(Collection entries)
※ ※ ※

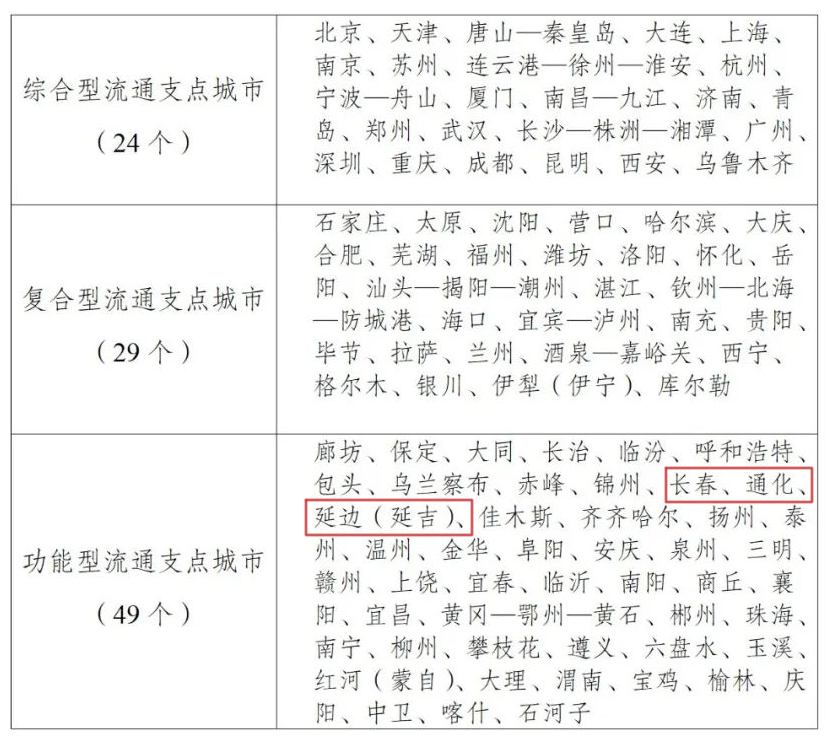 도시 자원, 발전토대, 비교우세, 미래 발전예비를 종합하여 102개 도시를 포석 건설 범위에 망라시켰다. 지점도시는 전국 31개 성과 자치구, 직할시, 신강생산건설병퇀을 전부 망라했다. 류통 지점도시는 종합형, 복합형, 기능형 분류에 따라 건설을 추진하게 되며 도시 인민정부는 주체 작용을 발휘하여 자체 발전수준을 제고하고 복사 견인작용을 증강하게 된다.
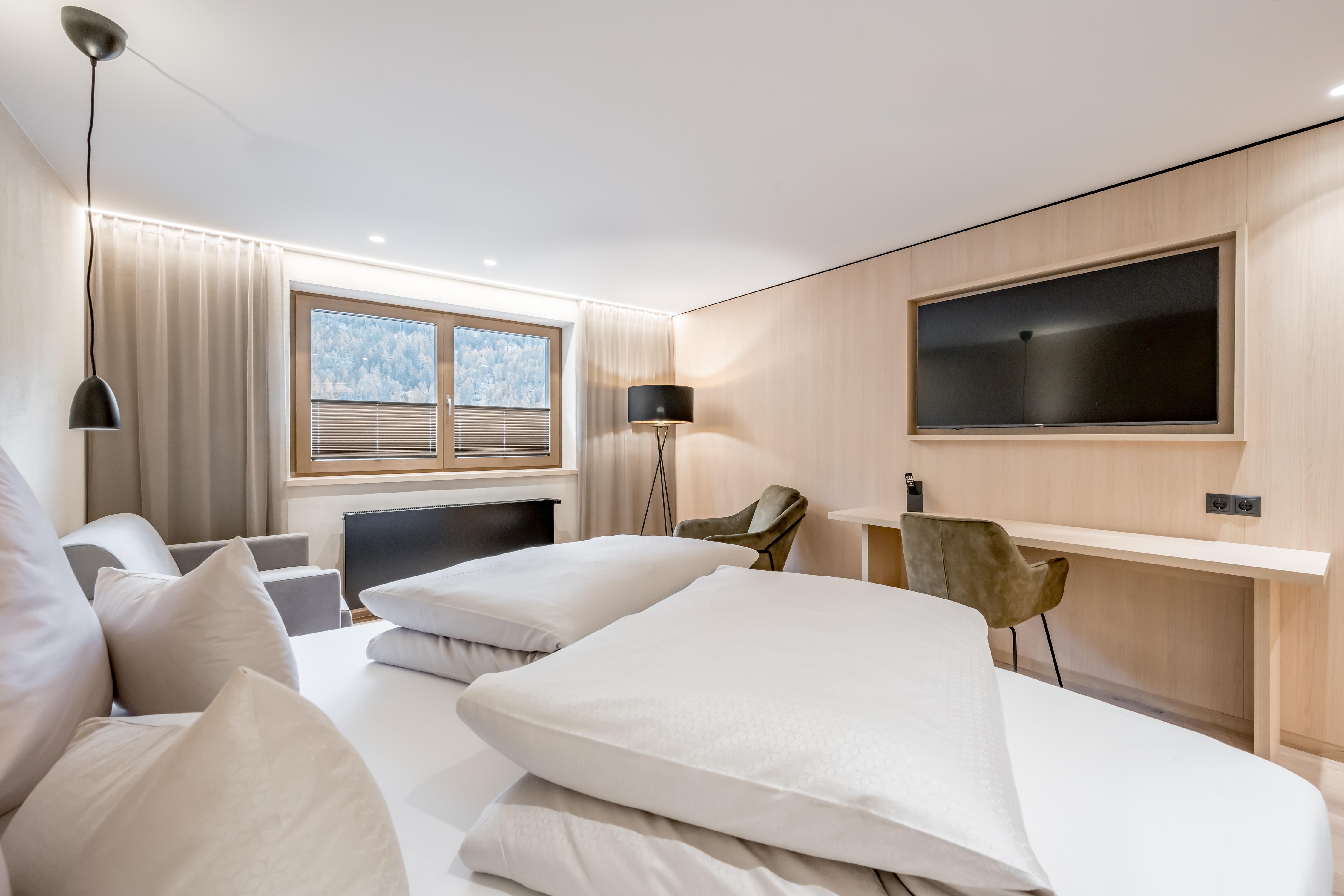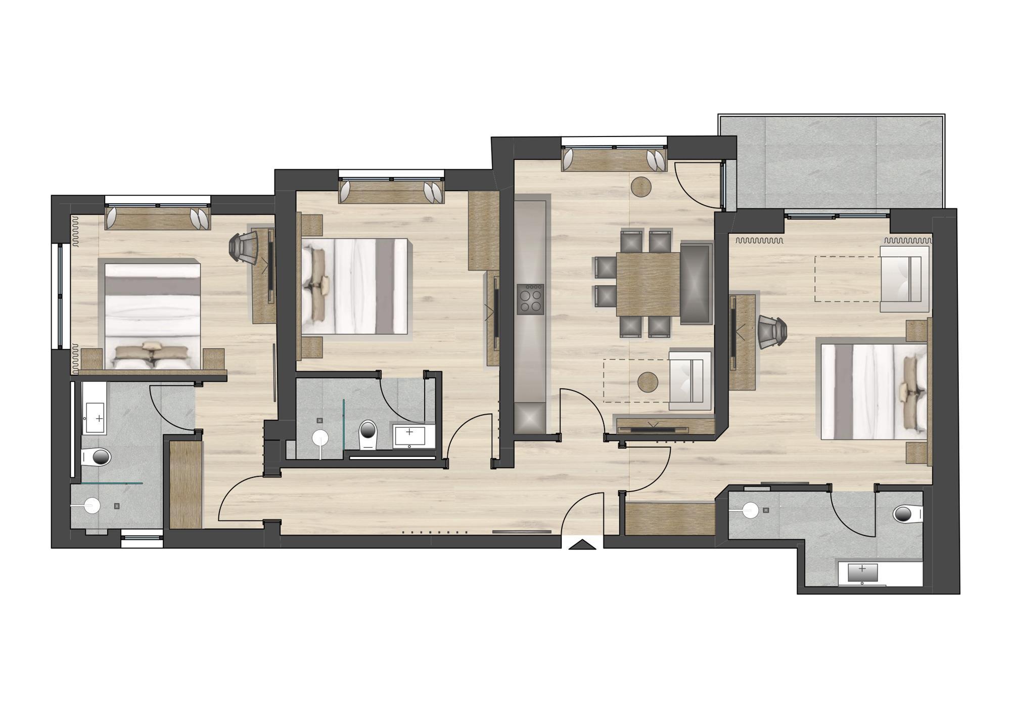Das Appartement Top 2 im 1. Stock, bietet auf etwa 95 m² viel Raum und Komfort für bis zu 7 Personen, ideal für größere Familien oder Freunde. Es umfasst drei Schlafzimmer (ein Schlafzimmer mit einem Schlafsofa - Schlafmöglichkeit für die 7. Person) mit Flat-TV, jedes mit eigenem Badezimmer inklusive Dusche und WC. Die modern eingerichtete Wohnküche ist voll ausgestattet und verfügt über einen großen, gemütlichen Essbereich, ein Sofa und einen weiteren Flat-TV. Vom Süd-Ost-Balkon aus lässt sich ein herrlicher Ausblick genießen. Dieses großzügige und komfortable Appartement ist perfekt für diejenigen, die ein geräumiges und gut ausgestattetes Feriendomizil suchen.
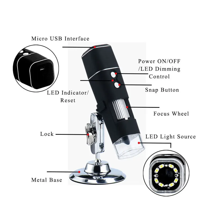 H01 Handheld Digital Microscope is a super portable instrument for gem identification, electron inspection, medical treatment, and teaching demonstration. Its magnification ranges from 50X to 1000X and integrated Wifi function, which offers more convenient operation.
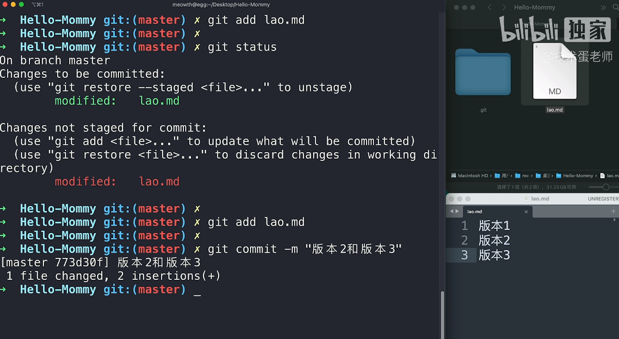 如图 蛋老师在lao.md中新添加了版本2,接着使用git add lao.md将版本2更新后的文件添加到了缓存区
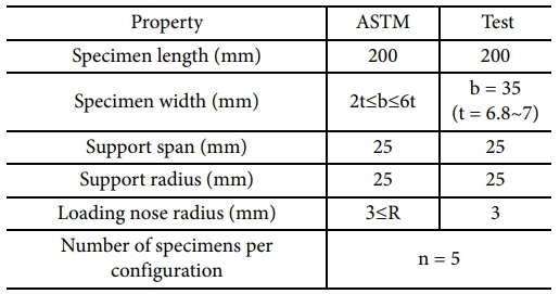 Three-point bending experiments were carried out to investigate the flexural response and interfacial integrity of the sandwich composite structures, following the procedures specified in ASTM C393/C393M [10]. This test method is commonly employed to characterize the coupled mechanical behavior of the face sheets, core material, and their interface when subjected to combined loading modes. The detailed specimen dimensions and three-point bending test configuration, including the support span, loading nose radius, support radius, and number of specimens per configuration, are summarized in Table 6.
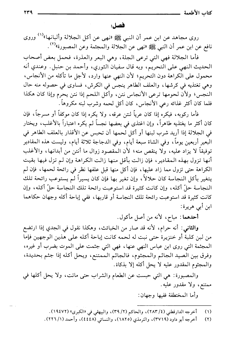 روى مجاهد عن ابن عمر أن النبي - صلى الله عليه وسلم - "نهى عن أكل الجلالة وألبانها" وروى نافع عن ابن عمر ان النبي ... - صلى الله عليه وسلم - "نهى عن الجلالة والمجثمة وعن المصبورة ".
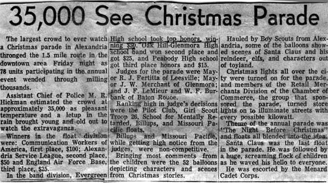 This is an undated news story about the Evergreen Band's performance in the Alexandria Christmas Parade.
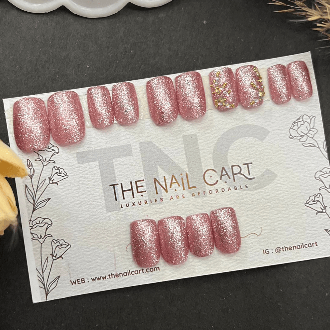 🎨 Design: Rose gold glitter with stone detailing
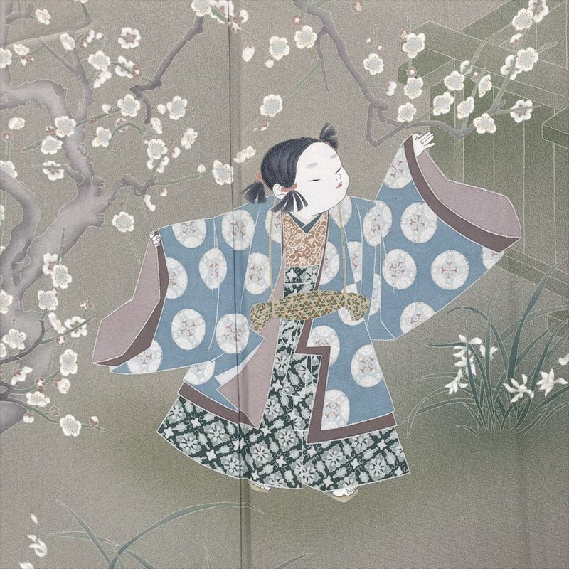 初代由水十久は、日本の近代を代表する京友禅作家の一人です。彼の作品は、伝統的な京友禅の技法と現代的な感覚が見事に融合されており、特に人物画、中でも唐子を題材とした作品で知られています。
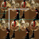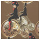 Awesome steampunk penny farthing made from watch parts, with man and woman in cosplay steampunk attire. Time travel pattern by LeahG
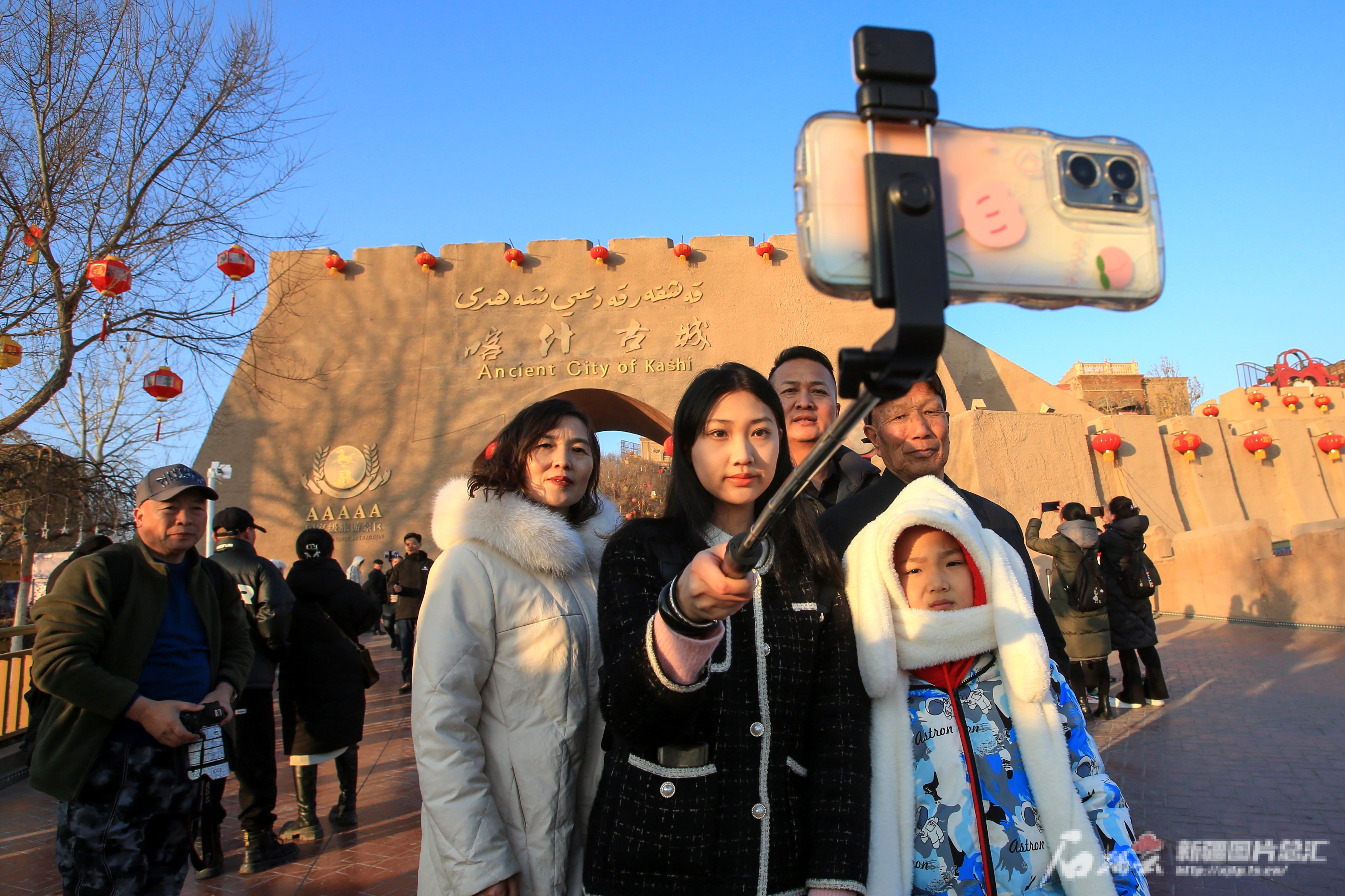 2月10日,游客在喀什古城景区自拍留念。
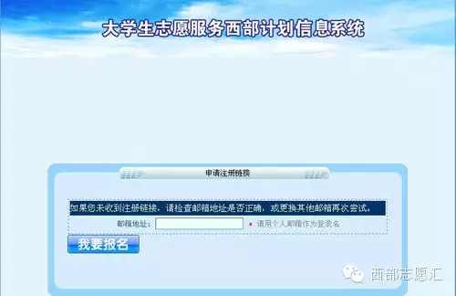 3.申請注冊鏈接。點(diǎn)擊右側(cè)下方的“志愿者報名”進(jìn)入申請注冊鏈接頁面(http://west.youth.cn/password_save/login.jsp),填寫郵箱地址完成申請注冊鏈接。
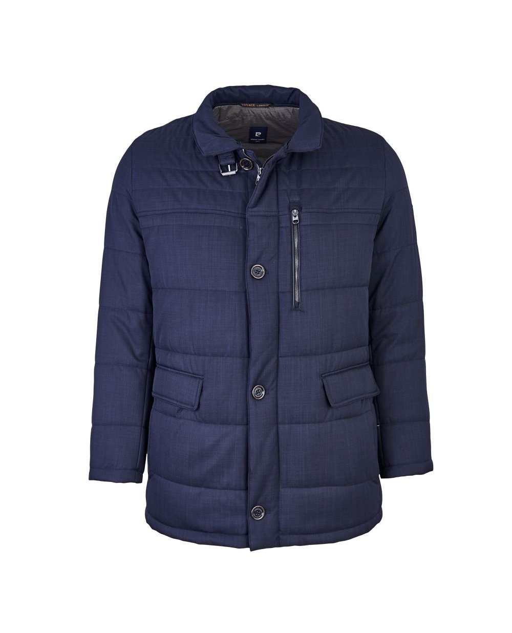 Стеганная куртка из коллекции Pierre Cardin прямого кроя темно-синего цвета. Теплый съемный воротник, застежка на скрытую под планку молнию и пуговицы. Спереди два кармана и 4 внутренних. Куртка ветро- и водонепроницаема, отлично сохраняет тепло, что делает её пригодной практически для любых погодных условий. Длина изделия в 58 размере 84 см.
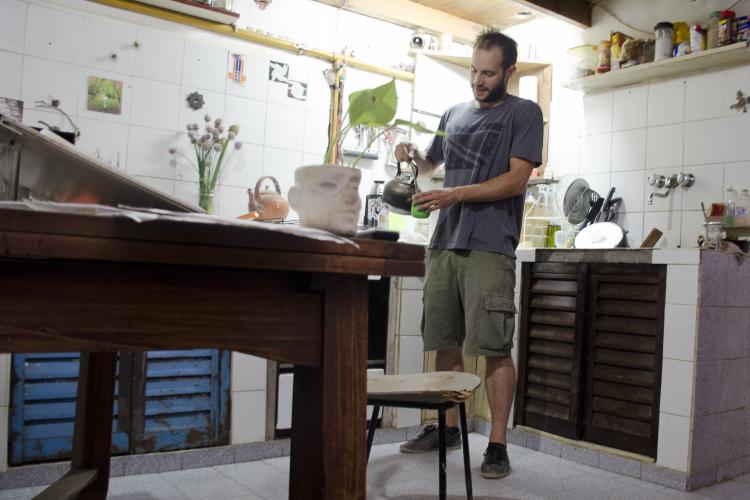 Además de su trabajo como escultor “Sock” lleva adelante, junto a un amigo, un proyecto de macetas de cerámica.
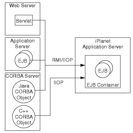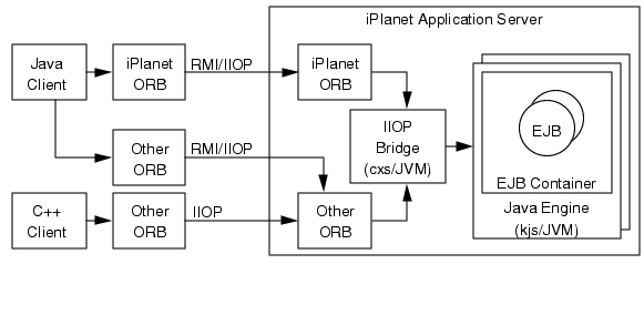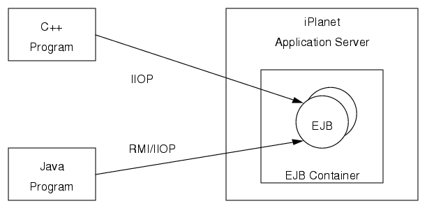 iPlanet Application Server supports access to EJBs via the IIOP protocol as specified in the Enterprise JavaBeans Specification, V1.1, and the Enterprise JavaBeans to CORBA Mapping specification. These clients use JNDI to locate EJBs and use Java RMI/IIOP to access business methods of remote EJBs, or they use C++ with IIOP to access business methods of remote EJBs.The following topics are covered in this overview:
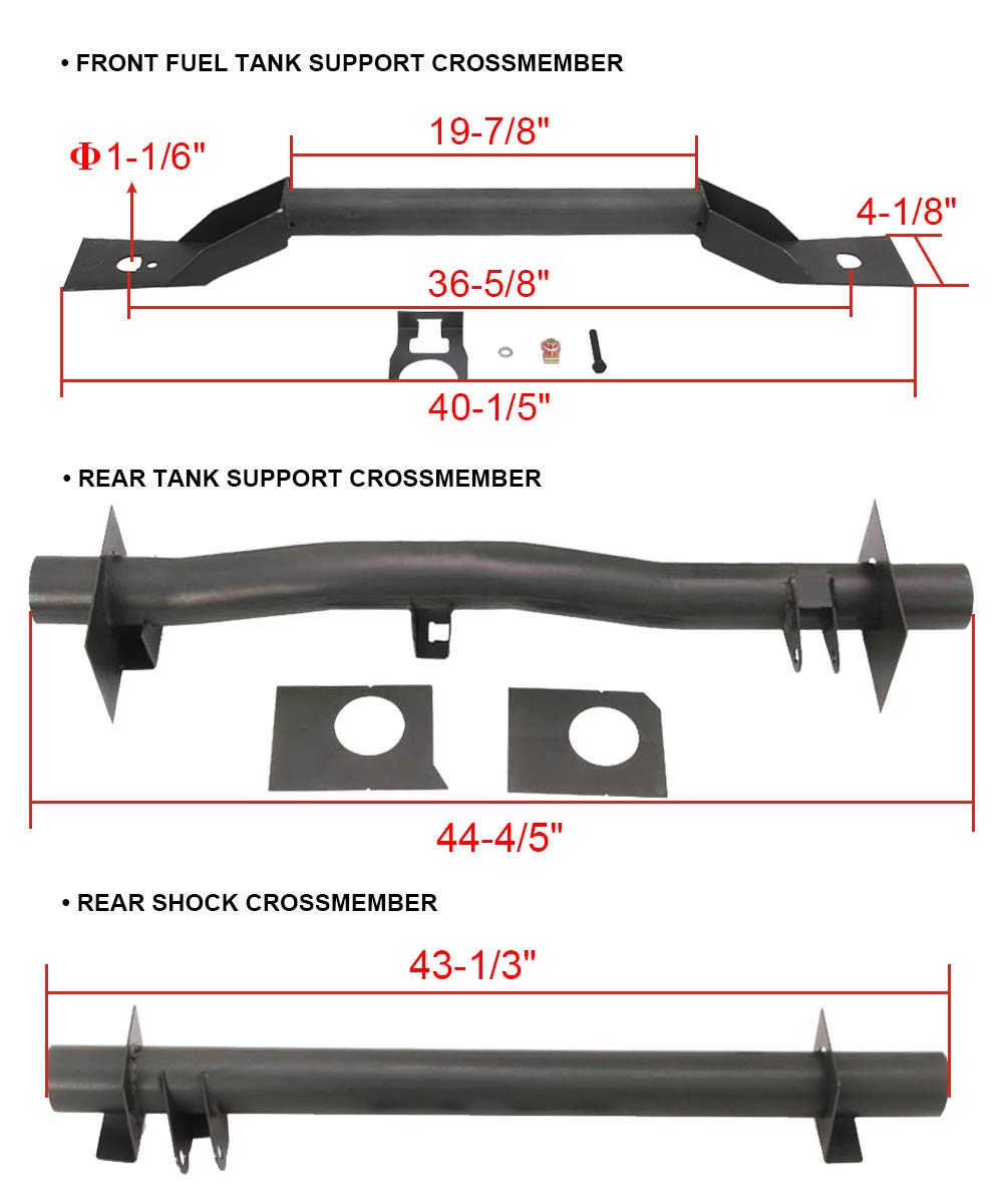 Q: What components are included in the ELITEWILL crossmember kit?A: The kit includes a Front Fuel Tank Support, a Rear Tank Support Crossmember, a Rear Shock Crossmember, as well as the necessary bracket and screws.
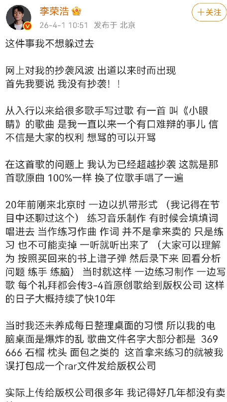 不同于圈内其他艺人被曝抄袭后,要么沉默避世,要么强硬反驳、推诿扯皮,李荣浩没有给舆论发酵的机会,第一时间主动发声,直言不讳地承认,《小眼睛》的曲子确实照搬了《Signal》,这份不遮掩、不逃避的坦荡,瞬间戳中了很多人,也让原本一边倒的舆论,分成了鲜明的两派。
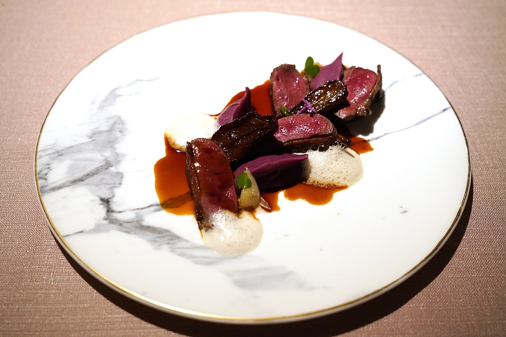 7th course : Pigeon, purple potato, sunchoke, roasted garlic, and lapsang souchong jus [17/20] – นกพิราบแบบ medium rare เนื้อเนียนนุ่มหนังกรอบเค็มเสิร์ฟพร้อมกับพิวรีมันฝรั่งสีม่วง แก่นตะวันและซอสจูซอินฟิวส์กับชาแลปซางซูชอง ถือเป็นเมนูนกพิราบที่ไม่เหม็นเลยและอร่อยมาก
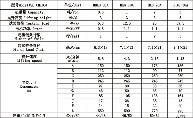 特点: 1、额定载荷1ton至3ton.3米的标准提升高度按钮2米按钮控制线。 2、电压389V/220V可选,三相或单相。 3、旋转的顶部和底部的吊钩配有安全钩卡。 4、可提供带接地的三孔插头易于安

※ ※ ※

## Exercise
Make an exact copy of the records from their first line through the line containing "如图 蛋老师在lao.md中新添加了版本2,接着使用git add", both ends included, with the pictures omitted.

## Solution to this task
 도시 자원, 발전토대, 비교우세, 미래 발전예비를 종합하여 102개 도시를 포석 건설 범위에 망라시켰다. 지점도시는 전국 31개 성과 자치구, 직할시, 신강생산건설병퇀을 전부 망라했다. 류통 지점도시는 종합형, 복합형, 기능형 분류에 따라 건설을 추진하게 되며 도시 인민정부는 주체 작용을 발휘하여 자체 발전수준을 제고하고 복사 견인작용을 증강하게 된다.
Das Appartement Top 2 im 1. Stock, bietet auf etwa 95 m² viel Raum und Komfort für bis zu 7 Personen, ideal für größere Familien oder Freunde. Es umfasst drei Schlafzimmer (ein Schlafzimmer mit einem Schlafsofa - Schlafmöglichkeit für die 7. Person) mit Flat-TV, jedes mit eigenem Badezimmer inklusive Dusche und WC. Die modern eingerichtete Wohnküche ist voll ausgestattet und verfügt über einen großen, gemütlichen Essbereich, ein Sofa und einen weiteren Flat-TV. Vom Süd-Ost-Balkon aus lässt sich ein herrlicher Ausblick genießen. Dieses großzügige und komfortable Appartement ist perfekt für diejenigen, die ein geräumiges und gut ausgestattetes Feriendomizil suchen.
 H01 Handheld Digital Microscope is a super portable instrument for gem identification, electron inspection, medical treatment, and teaching demonstration. Its magnification ranges from 50X to 1000X and integrated Wifi function, which offers more convenient operation.
 如图 蛋老师在lao.md中新添加了版本2,接着使用git add lao.md将版本2更新后的文件添加到了缓存区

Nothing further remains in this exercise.